# got a quastion



## Guest (Oct 16, 2010)

im wanna be a good chef,

im mean a really good one!

im 17 allerady and i dont know to what college to go if i wanna learn the culinary arts to be a pro as possible...

and also i scared because i dont know about the salary,can you tell me about the salary to a good chef that got bechlor degree..

im mean i dont wanna do a 1000 or something for a month!!!

is that possible to be a fish chef that get a 3000 plus for month?

im mean i wanna be a fish chef but im think thay dont do that mutch!!!


----------



## jim berman (Oct 28, 1999)

Hi, Daniel. You may want to poke around the students' forum a bit. There is a lot of information that talks about people just entering the field, their salaries, conditions, etc. I think you will find all the answers you may need right here!

Welcome to ChefTalk and best of luck with your endeavor!


----------



## gnnairda (Aug 7, 2009)

I got into the business 6 months ago and dropped everything yesterday. why? you start with low pay and extremely hard work. I'm not saying the hard work scared me away from it but the pay was just so low I worry about the future if I were to support a family on 15$/hr while  working 65 hrs/week.not being able to spend any time with friends and family since I would be working during weekends and holidays. I enjoyed it a lot.  I would wake up at 10am  and work till 2 am and sleep and repeat the same thing . I'm talking about linecooks. but I'm not sure about sous or head chefs.my day off would be a monday which I would spend the whole day sleeping  then work Tuesday - Saturday.

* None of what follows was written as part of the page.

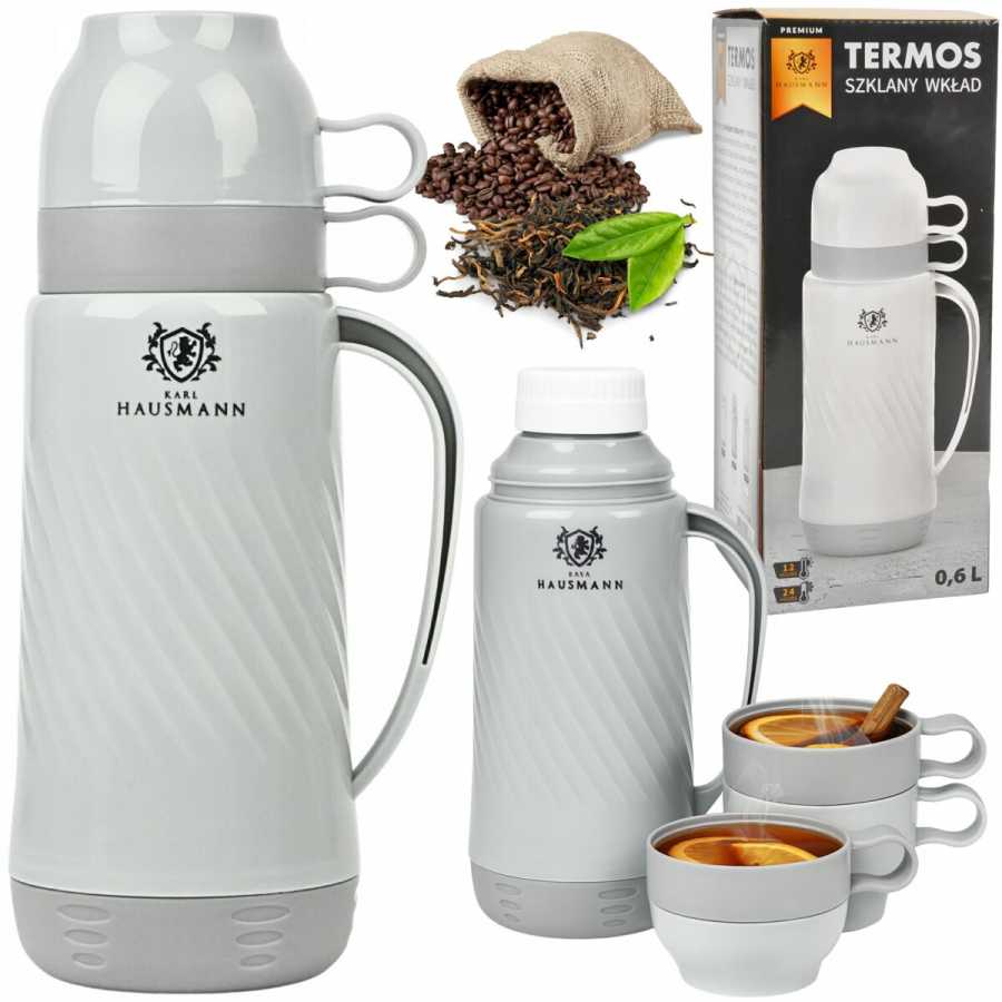 Termoska 0,6 l se skleněnou vložkou a 2 šálky

Before going to culinary school I would strongly advise going into the work force before spending a lot of money and time to find something unexpected. Also consider maybe you would be satisfied being a good homecook feeding your family and friends.


----------



## Guest (Oct 17, 2010)

wait you didnt answe to my question: what the salary in the bigining?

what should i do be make it higher?

now im really scary, i allways dreamed about it,

and now you telling me that its low!!!

what do you mean line cook, i mean every body have to start with it?

how can i go higher and be a sous chef or maybe an exclusive chef? (what should i do?)


----------



## petemccracken (Sep 18, 2008)

wait you didnt answe to my question: what the salary in the bigining?

Depending on your area, most will probably start out at minimum wage (California $8.00/hour) or slightly above (maybe $10-$11). Don't forget, that's GROSS, not net.

what should i do be make it higher?

Learn all you can, keep your head down, work cleanly and rapidly, ask questions when you absolutely have to, say "yes Chef" when told something, get to work "on-time", etc.

now im really scary, i allways dreamed about it, and now you telling me that its low!!!

Yeah, it is low, and if anybody tells you differently, they are not telling you accurately!

what do you mean line cook, i mean every body have to start with it?

Without experience or a good, solid education/apprenticeship in culinary, you will be very lucky to start as a "line cook", more likely, you will start in the "dish pit" or, maybe, as a "prep cook" (preparing vegetables, starches, and, maybe, proteins, for the line cooks. Depending on the specific place where you are working, it might take six months or even several years to move UP to a line cook.

how can i go higher and be a sous chef or maybe an exclusive chef? (what should i do?)

With anywhere from 5-10 years experience as a line cook PLUS learning

personnel management
accounting
food costing
business law
etc.
you, might be considered for a position as Sous Chef (basically second in command of a kitchen), another 5-10 years and you might get a slot as an Executive Chef.

My advice? Get a job in a local, independent restaurant, you'll probably start in the "dish pit" and you'll do a lot of dishes and cleaning. You'll have chance to see what happens in a kitchen and you'll have an opportunity to learn a lot!

If you are thinking of "culinary school", think very hard. Unless you go to a community college, you are looking to spend something in excess of $25,000-$60,000, probably student loans, to get a minimum wage job.

At least, that is MY opinion!


----------



## Guest (Oct 17, 2010)

if ill have a bechlor degree still ill should be a perp cook?

how long its gonna take till ill do a good money?


----------



## petemccracken (Sep 18, 2008)

Daniel Eliazarov said:


> if ill have a bechlor degree still ill should be a perp cook?
> 
> how long its gonna take till ill do a good money?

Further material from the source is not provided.